The smoothness term is used as a regularising constraint to ensure that neighbouring voxels have coherent normals and that there is always a surface voxel between an outside and inside voxel pair, avoiding holes in the final surface. It is computed as follows:

$$\begin{aligned}{} & {} S_\text {3D}(\textbf{v},L_\textbf{v},\textbf{w},L_\textbf{w}) \nonumber \\{} & {} \quad ={\left\{ \begin{array}{ll} \Gamma (M(\textbf{v},L_\textbf{v}),M(\textbf{w},L_\textbf{w})) &{} \text {if} \; L_\textbf{v}, L_\textbf{w} \in \\ &{} \; \{L_0,\dots ,L_{N-1}\}, \\ \infty &{} \text {if} \; L_\textbf{v}, L_\textbf{w} \in \{I,O\} \\ &{} \; \text {and} \; L_\textbf{v} \ne L_\textbf{w}, \\ 0 &{} \text {otherwise}, \\ \end{array}\right. } \end{aligned}$$
(14)

where

$$\begin{aligned} \Gamma (\textbf{V},\textbf{W}) ={\left\{ \begin{array}{ll} \frac{1}{2}(\gamma _{\textbf{V},\textbf{W}}^2+\gamma _{\textbf{W},\textbf{V}}^2) &{} \text {if} \; \gamma _{\textbf{V},\textbf{W}} \; \text {and} \; \gamma _{\textbf{W},\textbf{V}} < t, \\ t^2 &{} \text {otherwise}, \\ \end{array}\right. } \end{aligned}$$
(15)

represents the normal consistency between points \(\textbf{V}\) and \(\textbf{W}\). t is used as a truncation term for \(\gamma _{\textbf{V},\textbf{W}}\) which is defined as follows:

$$\begin{aligned} \gamma _{\textbf{V},\textbf{W}} = |\textbf{VW} \cdot \textbf{n}(\textbf{W}) |, \end{aligned}$$
(16)

where \(\textbf{VW}\) is the vector connecting points \(\textbf{V}\) and \(\textbf{W}\), while \(\textbf{n}(\textbf{W})\) indicates the unit normal estimated via HS at point \(\textbf{W}\). This term represents the distance between \(\textbf{W}\) and the plane perpendicular to \(\textbf{n}(\textbf{V})\) intersecting point \(\textbf{V}\). Figure 6 illustrates how this term is calculated. The \(\infty \) term is used to constrain inside and outside voxels to be separated by surface voxels, thus avoiding an empty solution where all nodes are either labelled to be inside or outside. The truncation is performed on the regularisation term to avoid heavy penalties where a corner may result in two neighbouring voxels having severely different normals.

Fig. 6
figure 6

Illustration of the computation of \(\gamma (\textbf{V},\textbf{W})\). The term is based on the assigned label of node \(\textbf{W}\) and its predicted position based on the label of \(\textbf{V}\) and its estimated normal \(\textbf{n}(\textbf{W})\)

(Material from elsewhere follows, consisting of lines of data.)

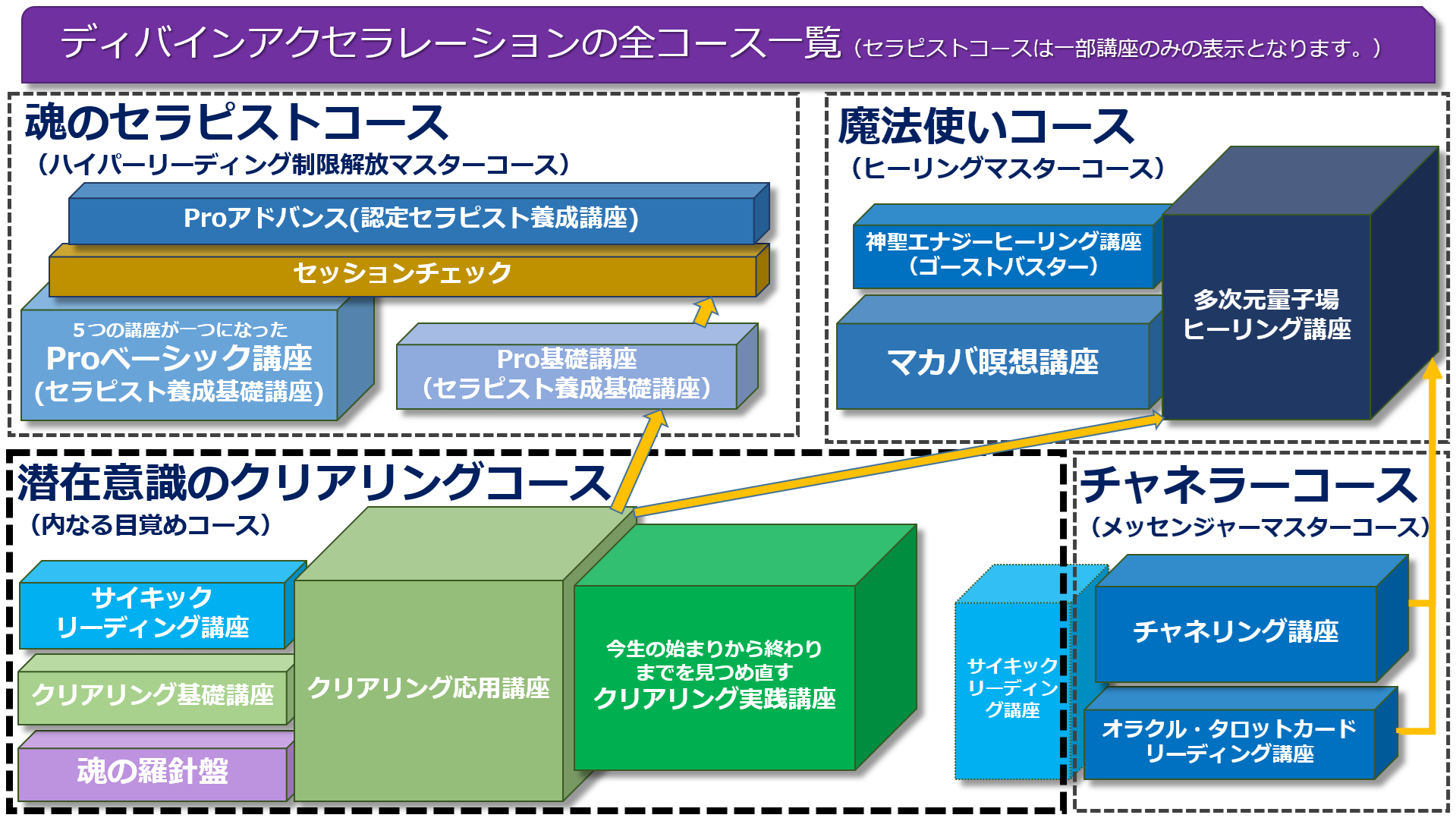 5つの講座(『魂の羅針盤講座』、『クリアリング基礎講座』、『リーディング基礎講座』、『クリアリング応用講座』、『Pro基礎講座』)が一つになった『Proベーシック』から始めて行く流れです。
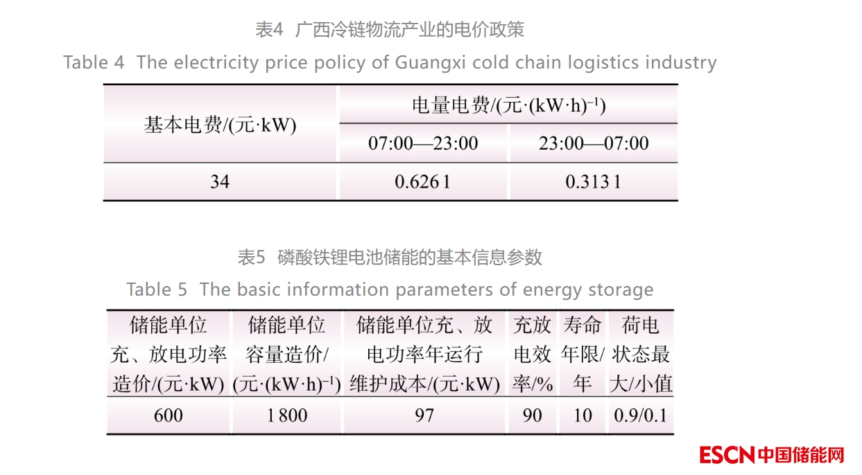 廣西冷鏈物流農產品產業(yè)享受電價優(yōu)惠,其分時電價政策[26]如表4所示。儲能系統(tǒng)的基本信息參數(shù)如表5所示。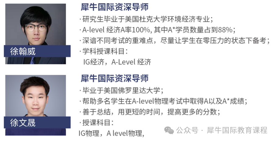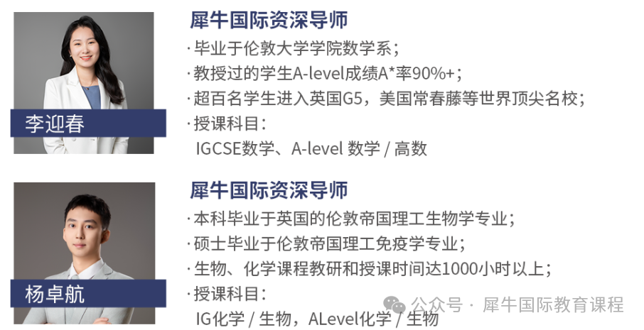 犀牛教育IGCSE课程师资团队实力雄厚,授课教师均来自海内外top名校,有非常丰富的教学经验,老师们常年深耕于国际学科体系,对于国际学校的考纲教程了如指掌。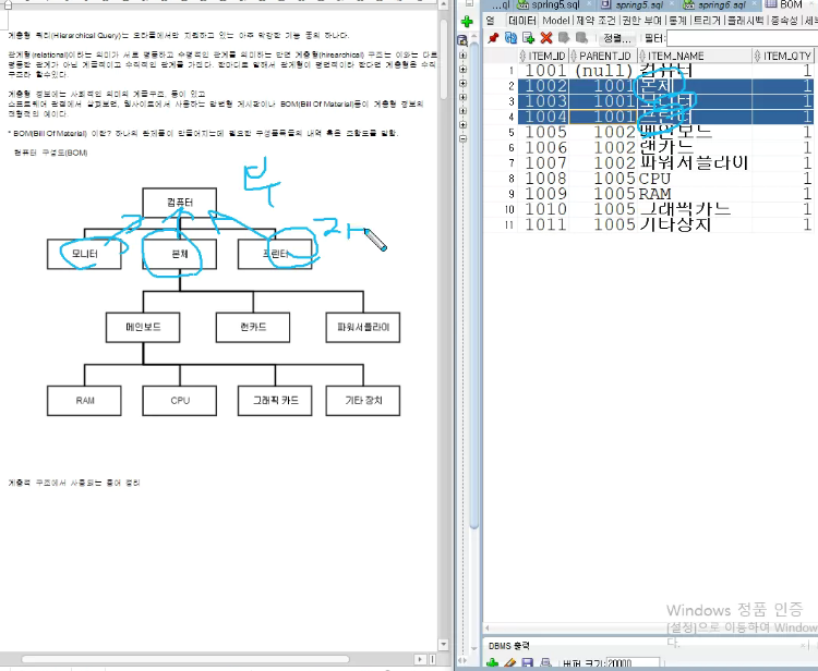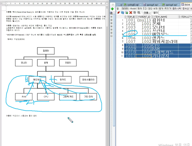 BOM 테이블 만들기 (계층형 쿼리)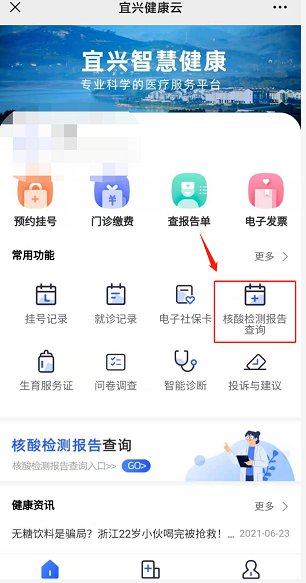 五、核酸检测完毕后,在此进入“智慧医疗”,点击核酸检测结果,实名注册成功后即可查询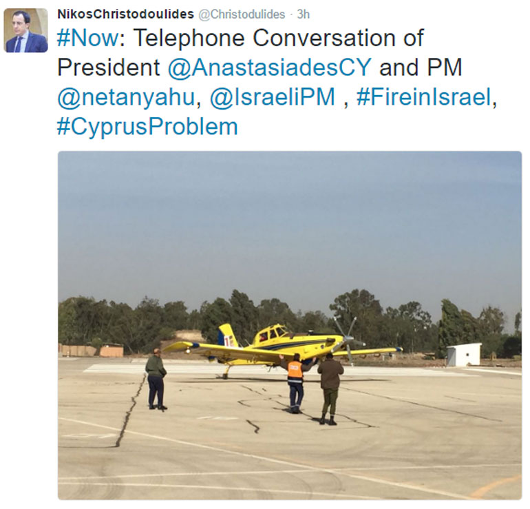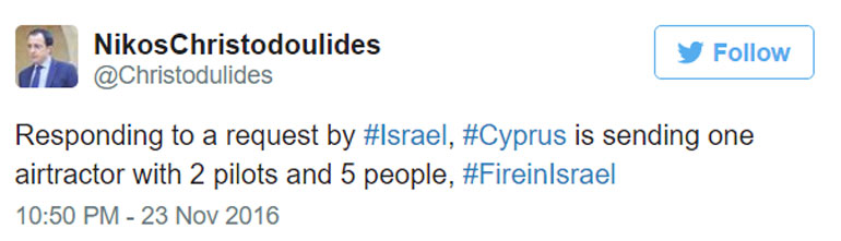 Σε ανάρτηση στον προσωπικό του λογαριασμό στο Twitter, ο κυβερνητικός εκπρόσωπος Νίκος Χριστοδουλίδης αναφέρει ότι υπήρξε τηλεφωνική συνομιλία του προέδρου Αναστασιάδη με τον πρωθυπουργό του Ισραήλ Μπενιαμίν Νετανιάχου για την αποστολή βοήθειας από την Κύπρο.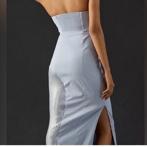 Anthropologie Strapless Slim Midi Dress Sz 6 French Blue Sequin Party Cocktail

Once the graph has been initialised, optimisation is performed using a tailored version of \(\hbox {ICM}\) (Besag, 1986). \(\hbox {ICM}\) is an exhaustive search algorithm that iterates through an \(\hbox {MRF}\) graph and changes one variable at a time, by trying to optimise its local neighbourhood cost. In its classic formulation, \(\hbox {ICM}\) would not work in this scenario because of the constraint on the surface. Namely, changing the label of a surface node to be either outside or inside would result in a hole on the surface, which is currently prevented by having an infinite weight when outside and inside voxels are neighbours. However, by changing two neighbouring variables at a time and considering all surrounding nodes to compute the cost change, the surface can be shifted closer to its optimal solution through multiple iterations. Only tuples where one node is on the current surface of the reconstruction are considered at each iteration. To compute their local neighbourhood cost, all possible configurations of said tuple and their neighbours are considered, selecting the solution with the lowest energy. If the problem is initialised close to the actual surface, this step typically converges after a small number of iterations. During experimentation it was attempted to use \(\hbox {TRW-S}\) to perform the optimisation, however, due to the high number of nodes and low number of labels, \(\hbox {TRW-S}\) obtained poor results, while \(\hbox {ICM}\) proved to be suitable in this specific scenario.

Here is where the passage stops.